REPUBLIKA.CO.ID, JAKARTA -- Al-Khaliq berasal dari akar kata “khalaqa” atau “khalq”, yang berarti mengukur, membentuk atau memperhalus. Makna ini kemudian berkembang menjadi “menciptakan sesuatu yang baru”, “menciptakan dari ketiadaan”, “menciptakan tanpa satu contoh terlebih dahulu” atau “menciptakan sesuatu yang baru dari sesuatu yang telah ada.”
Dalam Al-Qur’an, kata “Khaliq” dengan berbagai bentuknya disebut secara berulang hingga 150 kali. Namun, kata “Khaliq” sendiri disebutkan sebanyak delapan kali.
Tujuh di antaranya menunjukkan makna sebagai nama Allah. Dalam Surat Ar-Ra’d: 16 dan Al-Mukminun:14, misalnya, Allah menyebut dirinya sebagai Ahsanul Khaliqin, Sebaik-baik Pencipta.
Menurut Al-Ashfahaniy dalam Mufradat Alfadz Al-Qur’an, “Al-Khaliq” berarti Dzat yang menciptakan sesuatu tanpa bahan atau contoh yang sudah ada (QS. Al-A’raf:189). Selain itu, juga bermakna “menciptakan sesuatu dari yang lain” (QS. An-Nisa:1).
Di beberapa surat, Al-Qur’an juga menegaskan Allah-lah yang menciptakan alam semesta ini. Langit dan bumi diciptakan dalam waktu tertentu, yaitu “enam hari’ (QS. Al-A’raf:54), dengan prinsip kebenaran dan penciptaan itu bukanlah pekerjaan main-main atau sia-sia (QS. Ad-Dukhan:38-39). Karenanya, atas semua kejadian penciptaan itu, manusia diperintahkan untuk dapat memikirkannya (QS. Al-Baqarah:164).
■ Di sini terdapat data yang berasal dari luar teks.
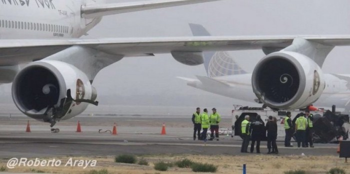 Oh, qué mal che! En algunas noticias dicen que fue que se desprendió el remolque, una situación evitable http://www.t13.cl/noticia/nacional/avion-iron-maiden-sufre-accidente-losa-del-aeropuerto-pudahuel

Melalui pemikiran terhadap penciptaan alam semesta itu, manusia diharapkan memperoleh kesadaran ketuhanan dan “menemukan” Tuhan sebagaimana Nabi Ibrahim AS. Selain itu, pemikiran ini akan mengantarkan pada kesadaran pengetahuan untuk menyusun konsep-konsep dan berusaha mewujudkannya dalam realitas kehidupan manusia.
Dalam konteks inilah Islam mendorong umatnya untuk memikirkan ciptaan-Nya (fil-khalq) dan dilarang memikirkan tentang Dzat Yang Maha Pencipta. Allah menciptakan alam semesta ini dari ketiadaan tanpa ada contoh sebelumnya.